__Work instructions__.
Copy, word for word, the opening line of the data and each line after it until the line that contains "Основными элементами приставки", which is included. Leave the pictures out.
····················
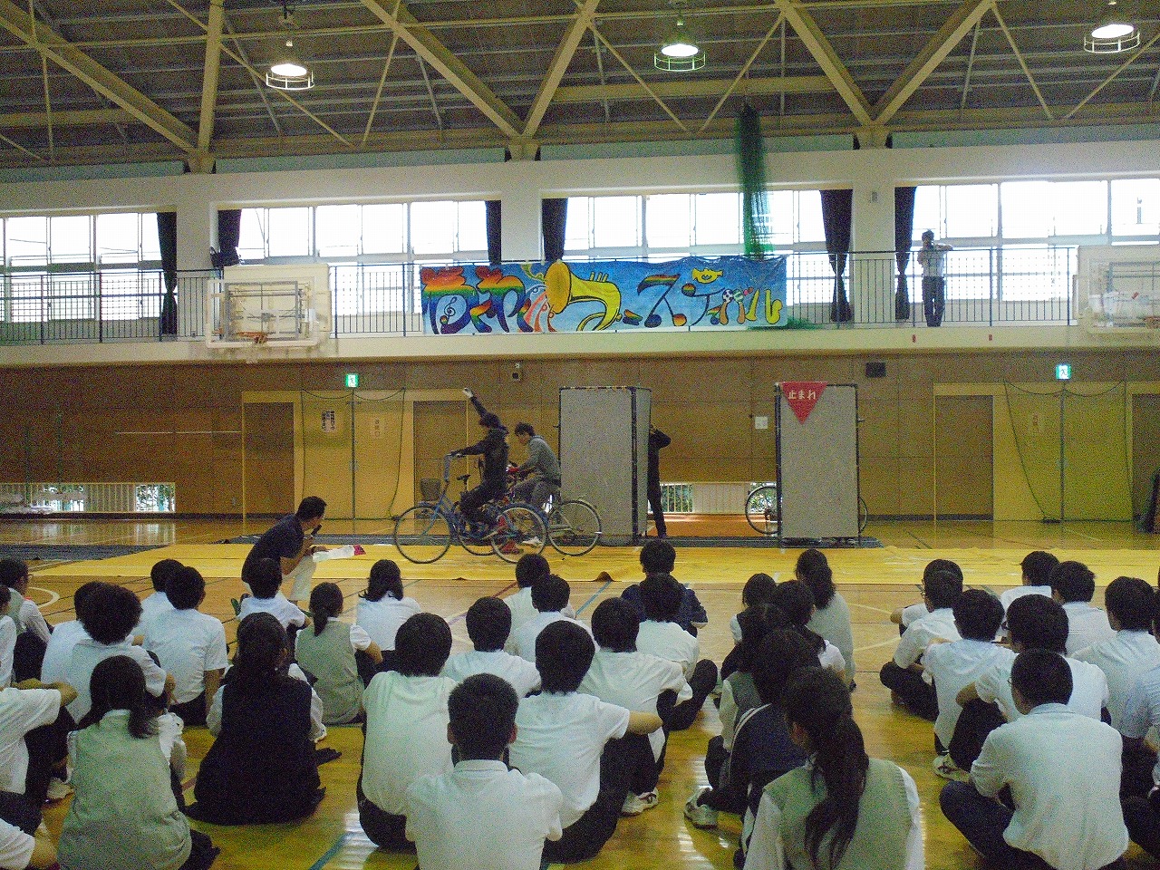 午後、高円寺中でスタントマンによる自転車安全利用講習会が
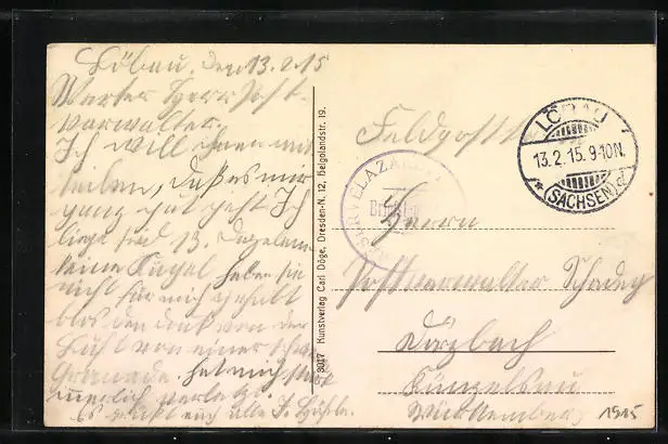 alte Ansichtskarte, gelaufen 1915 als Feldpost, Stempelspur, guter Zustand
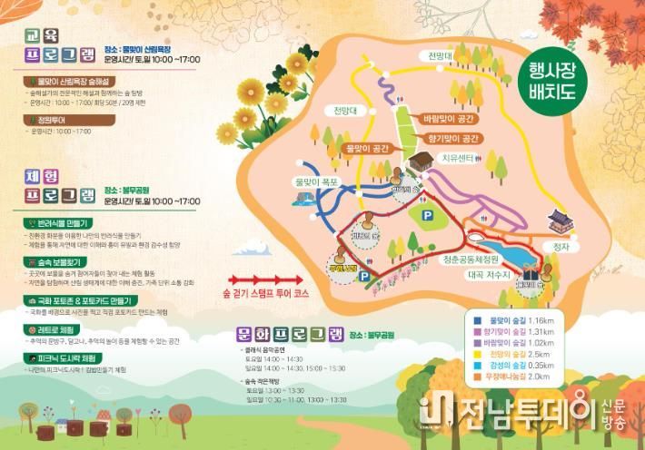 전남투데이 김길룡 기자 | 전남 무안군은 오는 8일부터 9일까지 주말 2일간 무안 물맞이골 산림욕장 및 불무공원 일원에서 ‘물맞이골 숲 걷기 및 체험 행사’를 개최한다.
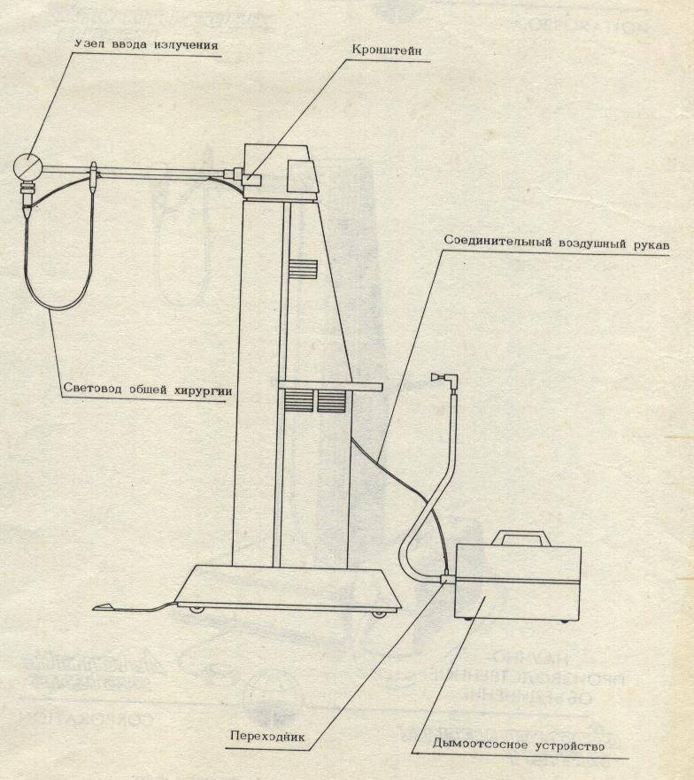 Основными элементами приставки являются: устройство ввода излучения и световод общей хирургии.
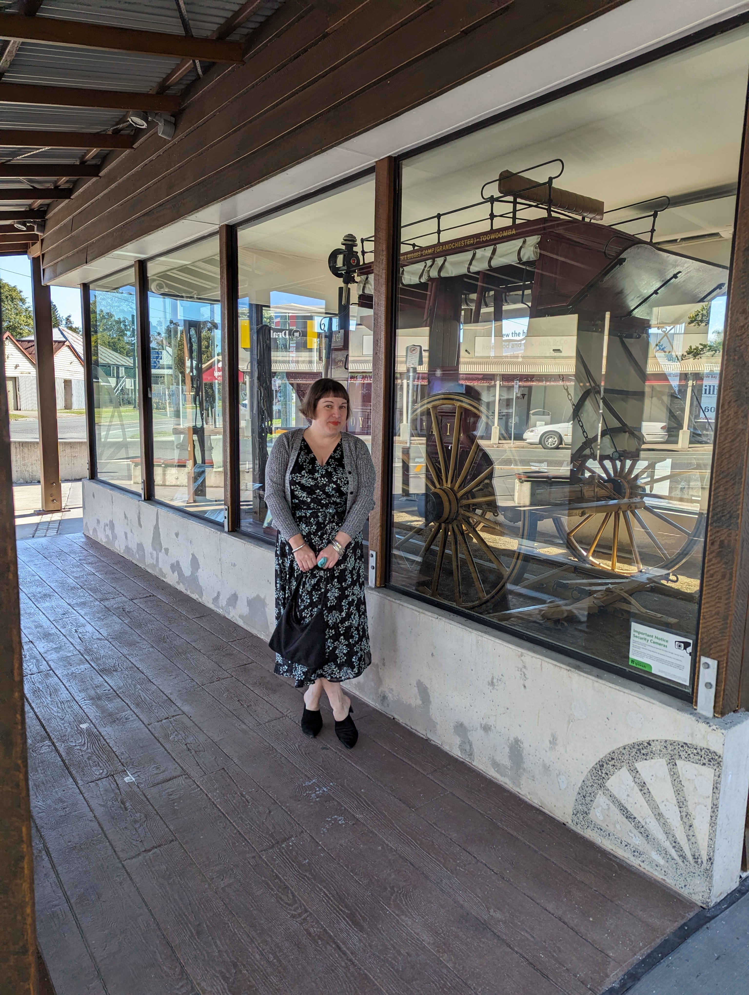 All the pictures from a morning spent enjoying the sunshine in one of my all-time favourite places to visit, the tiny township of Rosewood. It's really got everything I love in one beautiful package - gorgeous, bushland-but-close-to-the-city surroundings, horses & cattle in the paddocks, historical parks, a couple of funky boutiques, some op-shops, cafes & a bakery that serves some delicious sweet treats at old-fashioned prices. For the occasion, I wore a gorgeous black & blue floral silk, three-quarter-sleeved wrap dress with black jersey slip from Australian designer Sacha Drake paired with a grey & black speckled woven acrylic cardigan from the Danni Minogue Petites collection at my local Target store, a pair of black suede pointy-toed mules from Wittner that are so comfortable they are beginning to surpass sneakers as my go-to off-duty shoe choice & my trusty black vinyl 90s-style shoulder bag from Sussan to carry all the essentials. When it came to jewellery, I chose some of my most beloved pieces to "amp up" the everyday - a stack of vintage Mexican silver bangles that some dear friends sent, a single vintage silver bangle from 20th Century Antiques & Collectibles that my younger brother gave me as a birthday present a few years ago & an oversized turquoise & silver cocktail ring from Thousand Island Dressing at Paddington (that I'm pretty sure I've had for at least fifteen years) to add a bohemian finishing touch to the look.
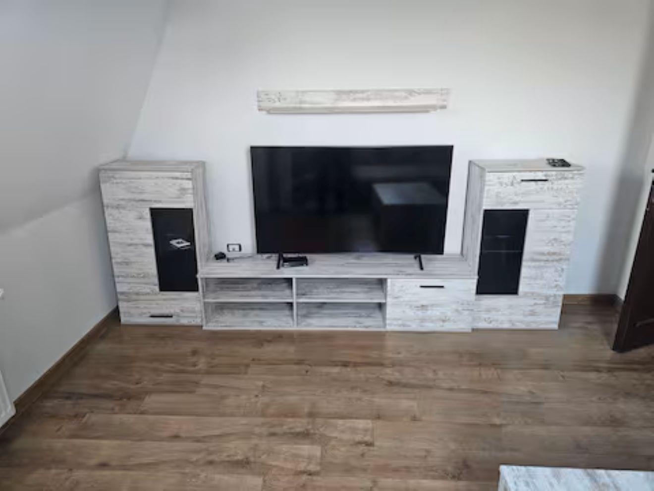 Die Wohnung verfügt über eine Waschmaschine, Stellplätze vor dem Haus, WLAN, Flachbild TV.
····················
__Task response__.
 午後、高円寺中でスタントマンによる自転車安全利用講習会が
 alte Ansichtskarte, gelaufen 1915 als Feldpost, Stempelspur, guter Zustand
 전남투데이 김길룡 기자 | 전남 무안군은 오는 8일부터 9일까지 주말 2일간 무안 물맞이골 산림욕장 및 불무공원 일원에서 ‘물맞이골 숲 걷기 및 체험 행사’를 개최한다.
 Основными элементами приставки являются: устройство ввода излучения и световод общей хирургии.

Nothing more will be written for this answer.